| Work to be completed |
Exact reproduction, images excluded: write out the records below.
****************
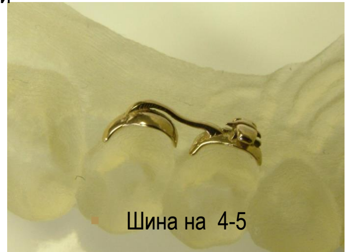
Шина на 4-5
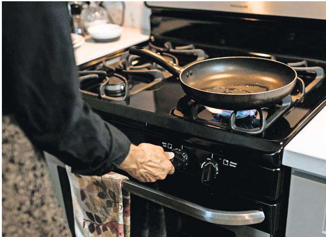
Die Versorgung mit Erdgas ist in diesem Winter gesichert, selbst wenn es noch mal bitterkalt werden sollte.

Das Angebot ist derzeit größer als es erwartet wurde. Die USA sind im vergangenen Jahr zum weltgrößten Exporteur geworden. Ein Großteil geht nach Europa. Der wichtigste Versorgungsstrang für Deutschland ist aber Norwegen, das Methan über Pipelines nach Süden pumpt. Russisches Gas wird zwar nicht mehr direkt nach Deutschland eingeführt, für den europäischen Markt ist es aber
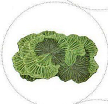
Teppich „Bo- tanica“ von Bodo Sperlein für Gan Rugs, P. a. A.
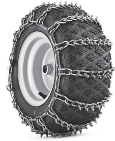
SCHNEEKETTEN MIT SPIKES - REIFENGRÖSSE 18 X 8,5-8" 964 99 43-01
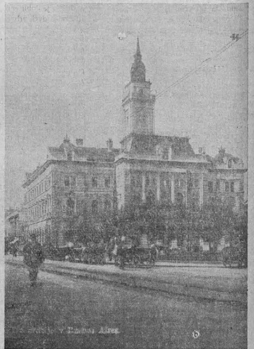
Novi Sad, trgovsko mesto
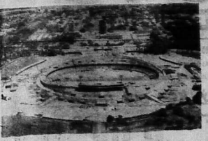
Vận động trường của Sinh viên đang trên đường hoàn tất, nơi tranh tài các cuộc thi điền kinh thể vận Mexico 1968.

TRONG-KIM phụ trách L.T.S. - Bắt đầu từ kỳ này, trong phụ trách thể liên quan đến việc sửa soạn cho lễ kỷ niệm thể thao tháng 12-1968. Vận động trường của Sinh viên đang trên đường hoàn tất, nơi tranh tài các cuộc thi điền kinh thể vận Mexico 1968.
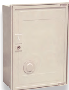
Coffret S20 nu avec embase de téléreport (N002)
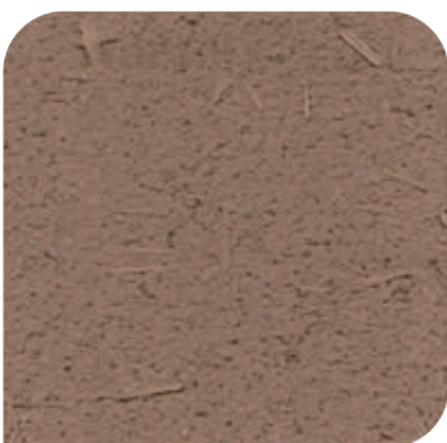
ZDC - 3C17
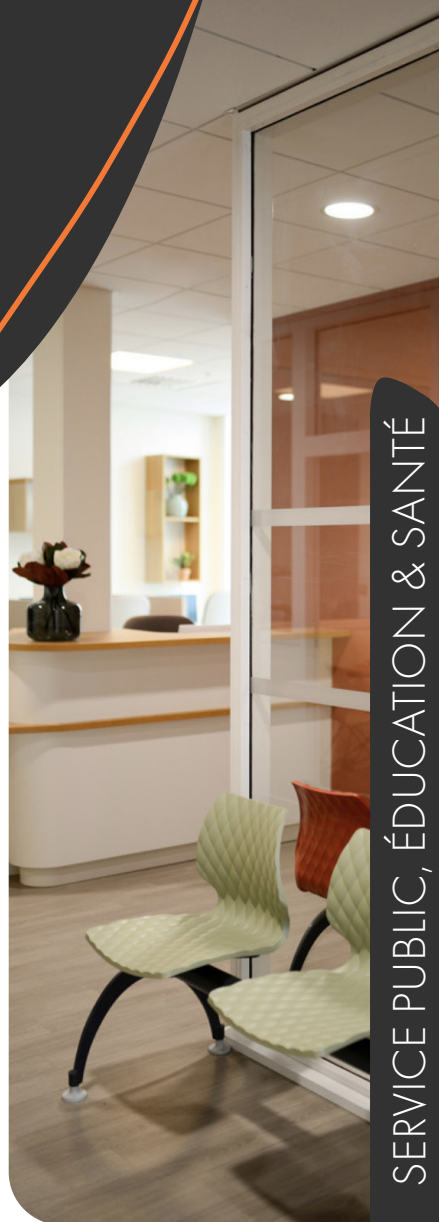
SERVICE PUBLIC, ÉDUCATION & SANTÉ
****************
| Solution to this exercise |
Шина на 4-5
Die Versorgung mit Erdgas ist in diesem Winter gesichert, selbst wenn es noch mal bitterkalt werden sollte.

Das Angebot ist derzeit größer als es erwartet wurde. Die USA sind im vergangenen Jahr zum weltgrößten Exporteur geworden. Ein Großteil geht nach Europa. Der wichtigste Versorgungsstrang für Deutschland ist aber Norwegen, das Methan über Pipelines nach Süden pumpt. Russisches Gas wird zwar nicht mehr direkt nach Deutschland eingeführt, für den europäischen Markt ist es aber
Teppich „Bo- tanica“ von Bodo Sperlein für Gan Rugs, P. a. A.
SCHNEEKETTEN MIT SPIKES - REIFENGRÖSSE 18 X 8,5-8" 964 99 43-01
Novi Sad, trgovsko mesto
Vận động trường của Sinh viên đang trên đường hoàn tất, nơi tranh tài các cuộc thi điền kinh thể vận Mexico 1968.

TRONG-KIM phụ trách L.T.S. - Bắt đầu từ kỳ này, trong phụ trách thể liên quan đến việc sửa soạn cho lễ kỷ niệm thể thao tháng 12-1968. Vận động trường của Sinh viên đang trên đường hoàn tất, nơi tranh tài các cuộc thi điền kinh thể vận Mexico 1968.
Coffret S20 nu avec embase de téléreport (N002)
ZDC - 3C17
SERVICE PUBLIC, ÉDUCATION & SANTÉ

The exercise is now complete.